══ Dataset

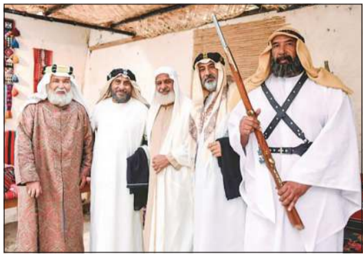
العمل التاريخي «الطبعة»
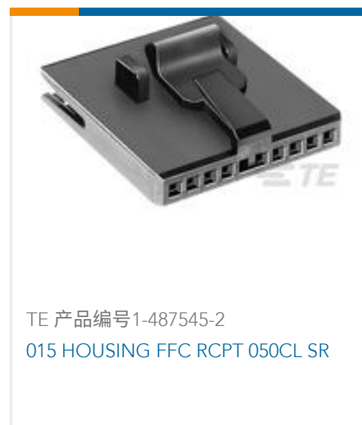
TE 产品编号1-487545-2 015 HOUSING FFC RCPT 050CL SR
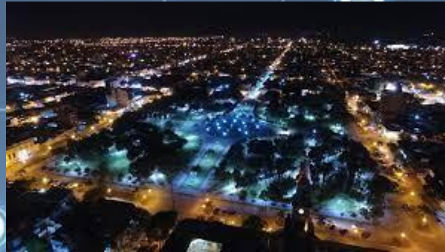
Ciudad de Reconquista
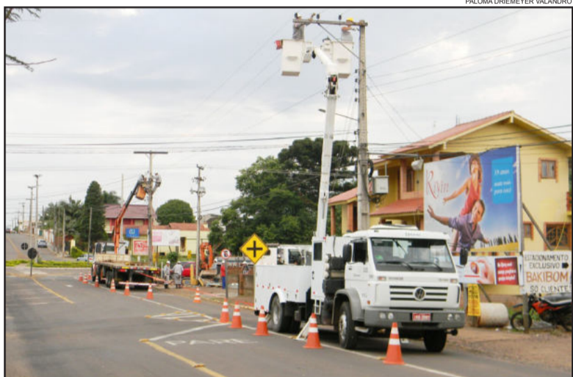
Equipe da Certel Energia trabalhou durante a manhã de sábado no local

O choque causou a falta de energia para casas e estabelecimentos comerciais desde o trevo da Via Láctea até as imediações da Rádio Popular e do Hospital Ouro Branco. Várias ruas ficaram sem energia elétrica durante quase 6 horas. Segundo informações de populares, o condutor do veículo, jovem de 22 anos, é natural de Novo Hamburgo e estaria a passeio na casa de familiares em Teutônia.
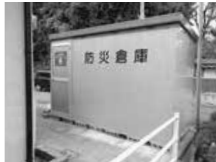
戸切白谷公園に設置されている防災倉庫
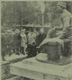
Г. Тукайның Кырлайдагы һәйкәле.

Г. Тукай юбилее уңае белән Татарстан сынды сәнгать музеенда күргәзмә ачылды. Анда Г. Арсланов, Б. Урманче, Л. Фәттахов, Б. Әлменов, Ф. Әминов, В. Кудель-
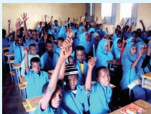
Jantuska 3.2 ardayda oo doorasho ku jirta

Iskuulka dhexdiisa oo ay jirto nidaam shaqo oo aan jinsiga, midabka, diinta iyo xaalada hal kale la gaadhsiinayn xaqdaro ayaa tilmaamaysa tixgalinta xuquuqda sinaanta. Xuquuqaha loo baahan yahay in la tixgaliyo iskuulka dhexdiisa waxaa ka mida. Arday kasta su'aasha uu fahmi inuu waydiiyo, ka jawaab su'aasha la waydiiyay, ka qaybgalo kooxaha kala duwan ee iskuulka, fikrad ka bixiyo arimaha iskuulka ee khuseeya, ilaalinta hantida iskuulka iyo wixii la mida weeyaan.
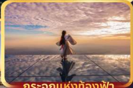
กระเจกแห่งท้องฟ้า
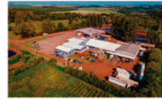
Planta de abate Toledo, Paraná

Fazemos questão que todos nossos processos e serviços sejam rigorosamente auditados por empresas especializadas. Assim, continuamos aprimorando não só a gestão do nosso negócio, tal como nossa relação com o ecossistema. E fazemos questão que todos os contratos celebrados com nossos parceiros comerciais e prestadores de serviços sigam nessa direção, aliando objetivos comuns, metas tangíveis, boas práticas e sustentabilidade.
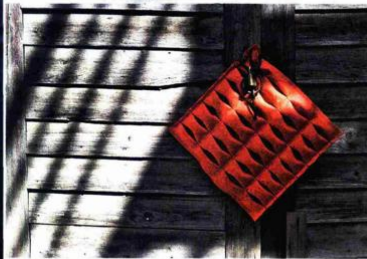
Predmeti Svjetlane Despot: Jastuk, kutijice, stolica

Likovnost: Hrvatski dizajneri će u petak i subotu predstaviti i prodavati vlastite proizvode, ali i popravljati stare i oštećene predmete koje građani dan prije donesu u MSU

════

Beginning at the line that has "戸切白谷公園に設置されている防災倉庫" and ending at the line that has "Jantuska 3.2 ardayda oo doorasho ku jirta", restate the listing above word for word, pictures left out.

# Response box
戸切白谷公園に設置されている防災倉庫
Г. Тукайның Кырлайдагы һәйкәле.

Г. Тукай юбилее уңае белән Татарстан сынды сәнгать музеенда күргәзмә ачылды. Анда Г. Арсланов, Б. Урманче, Л. Фәттахов, Б. Әлменов, Ф. Әминов, В. Кудель-
Jantuska 3.2 ardayda oo doorasho ku jirta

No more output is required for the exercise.